The Nicole Walker Interview

Swedish stylist and artist Nicole Walker
Welcome

Header image by Ola Rindal (@olarindal) for Purple Magazine

Nicole Walker's Instagram bio describes her as a 'creative genius'. Scrolling down to see what exactly that means is not immediately illuminating. Her feed is a lurid collage of evocative styling, art of her creation or curation, and personal photographs often referencing images from the pop culture conciousness.

While we may not quickly understand Nicole Walker, most of us are familiar with her work. For nearly a decade, she has been styling one of culture's more envelope-pushing dressers: Yung Lean. From freaky editorial looks to more subdued tour programs, Walker's taste is a major contributor to the Lean look. She's also styled for the likes of Bladee, Buckshot, and others she may not be at liberty (or wish) to mention by name.

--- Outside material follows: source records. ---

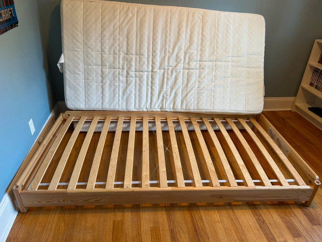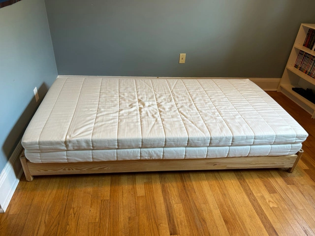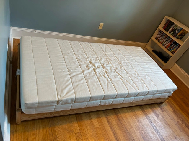 IKEA UTAKER twin stackable pine bed frames. Used for a kid's bedroom, super handy for sleepovers -- unstack to have 2 separate twin beds. Comes with 2 foam mattresses. We also have 1 conventional twin mattress if that style is preferred. Will sell all together or separately as 2 twin beds. See this IKEA photo for how they stack: https://www.ikea.com/ca/en/p/utaker-stackable-bed-pine-30360487 $125 for the lot. Smoke free home.
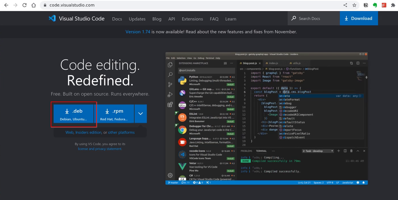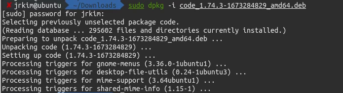 $ sudo dpkg -i code_1.74.3-1673284829_amd64.deb
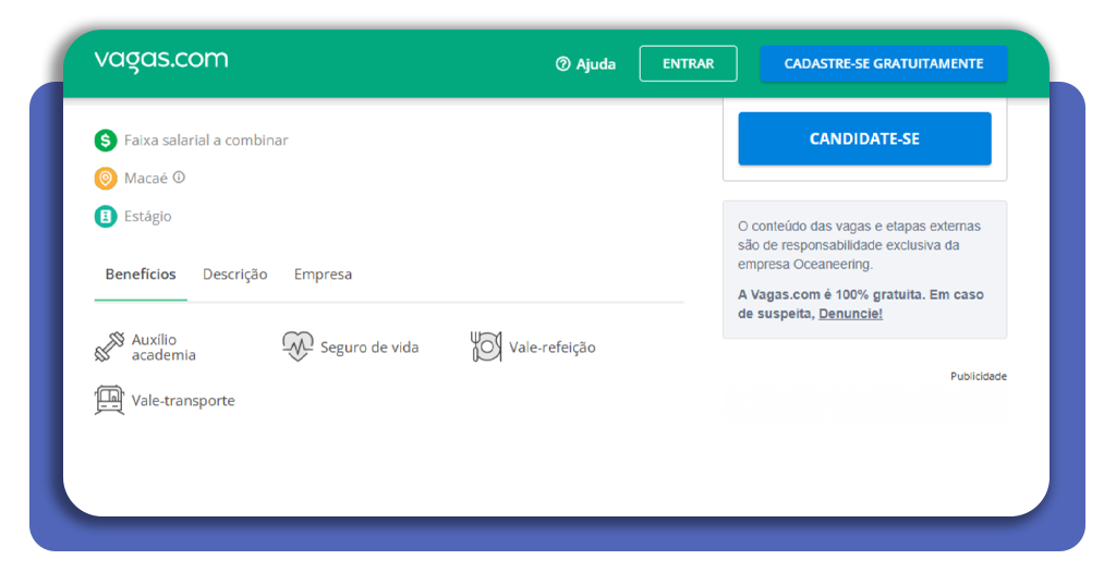 Esse filtro é fundamental, pois muitas vagas de emprego de Offshore informam detalhes importantes como a escala de trabalho, benefícios oferecidos, exigência de cursos obrigatórios e experiência mínima.
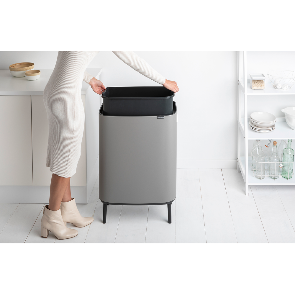 ¿Buscas un basurero con un magnífico diseño y gran capacidad? ¡Entonces el basurero Bo Touch Hi de Brabantia es ideal para ti! Esta belleza XXL con capacidad para 60 litros viene con cuatro patas elegantes, un sistema de apertura suave y asas integradas. Se abre con tan sólo un ligero toque y está diseñado con amor para el hogar y mimo para el planeta. Una gran ayuda para cualquier casa.
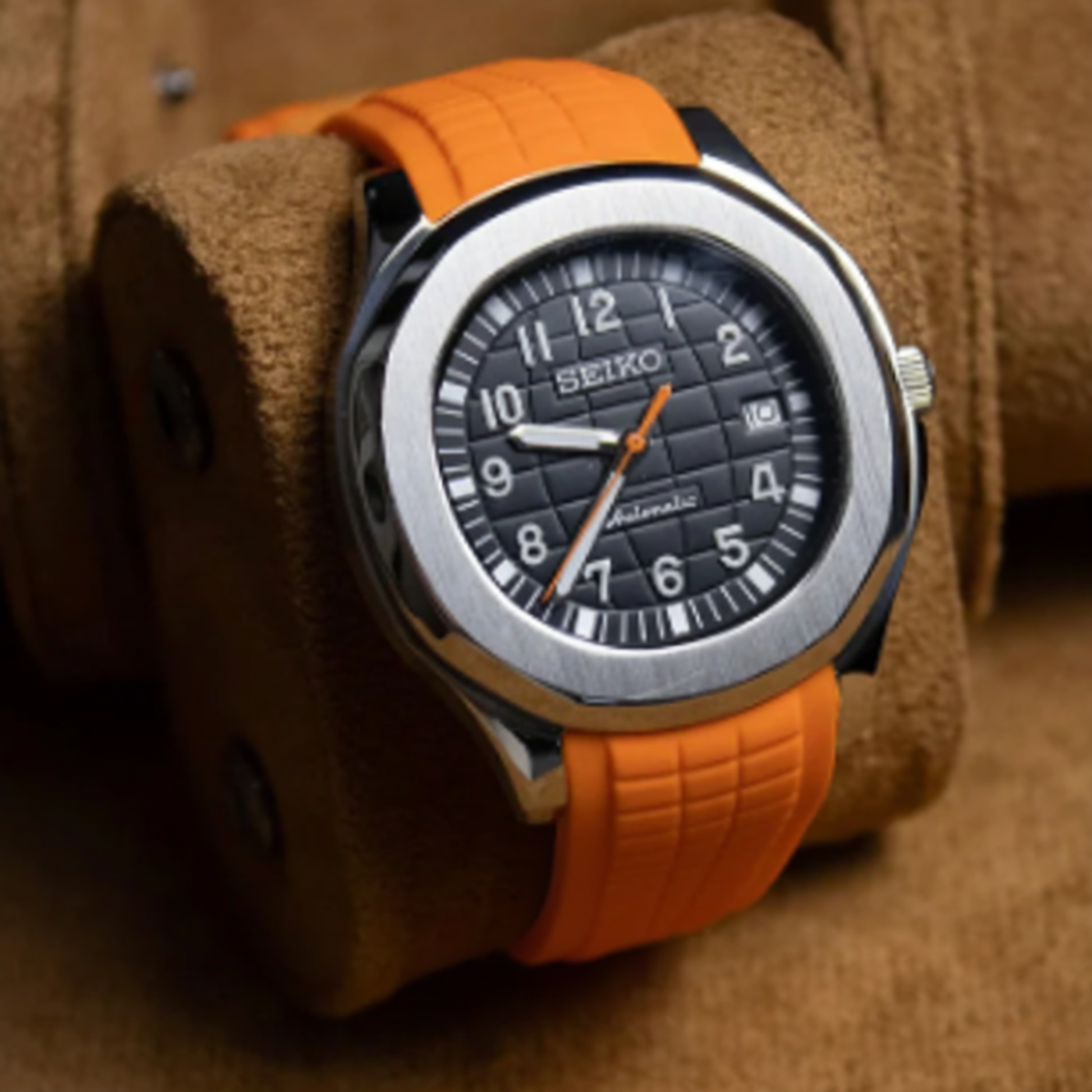 Inspired by the iconic Aquanaut design, and featuring the prestigious Seiko NH35 automatic movement, we present the Seiko Mod Aquanaut. A 41 mm high-end quality watch combining the perfect alliance between excellence and accessibility.
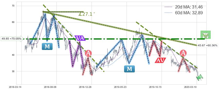 ➢ 【已达成】最小【整理】第一目标价格→(2020-03-12: 28.17 ), 后续继续【整理】下跌动力依然存在,下跌空间适中
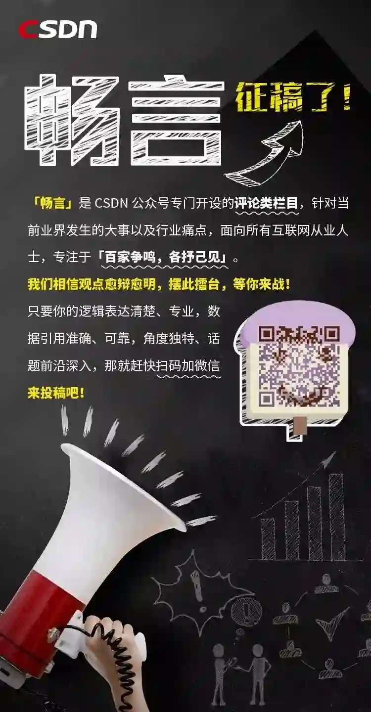 「畅言」是 CSDN 公众号专门开设的评论类栏目,针对当前业界发生的大事以及行业痛点,面向所有互联网从业人士,专注于「百家争鸣,各抒己见」。我们相信观点愈辩愈明,摆此擂台,等你来战!只要你的逻辑表达清楚、专业,数据引用准确、可靠,角度独特、话题前沿深入,欢迎投稿,一起畅所欲言!
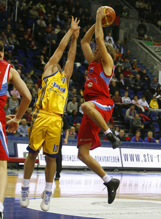 В центральном матче первого круга чемпионата России ЦСКА победил "Химки" в овертайме. Для подмосковного клуба это поражение стало вторым за неделю: в среду на своей площадке они уступили чемпиону Евролиги "Панатинаикосу" - также в дополнительной пятиминутке. Фото - Алексей ИВАНОВ, "СЭ"
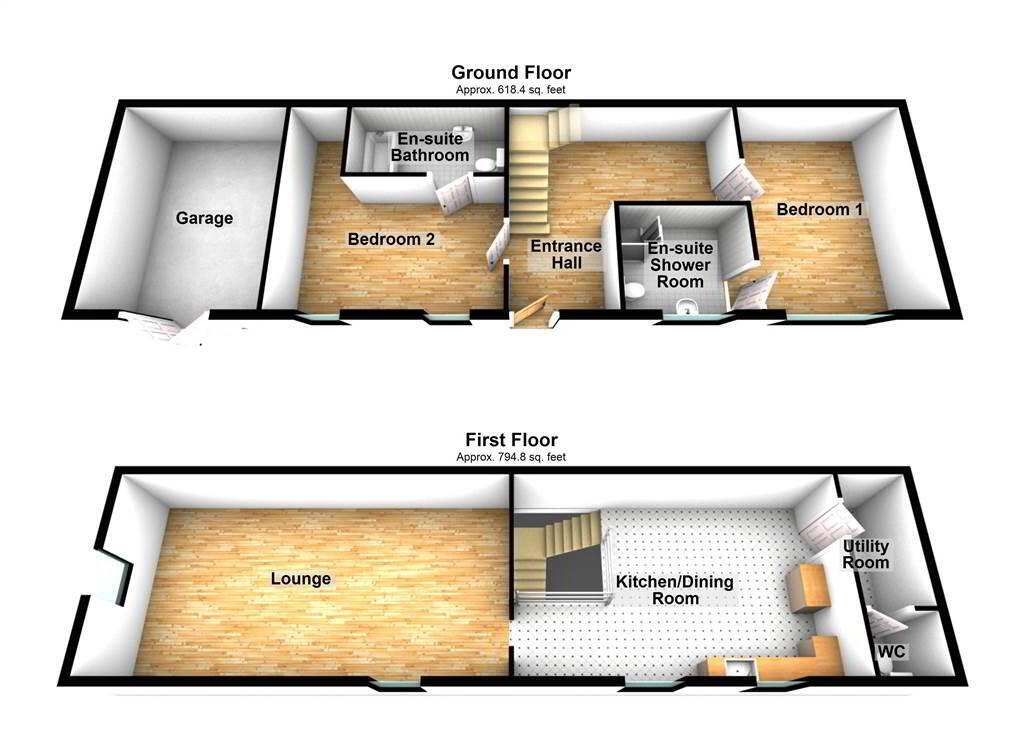 Two Ground Floor Double Bedrooms each with respective Ensuite Bathroom & Shower Room

Walker's robust artistic practice channels many of the techniques and sensibilities a career in styling has taught her into a multi-modal format. Often concocting multi-object sculptural installations of almost gothic composition, and employing quintessentially modern objects or images to achieve it, Walker's works feel like bridges between associated eras, ideas, and sentiments.

We chatted with the artist and stylist on these and other topics. The conversation follows.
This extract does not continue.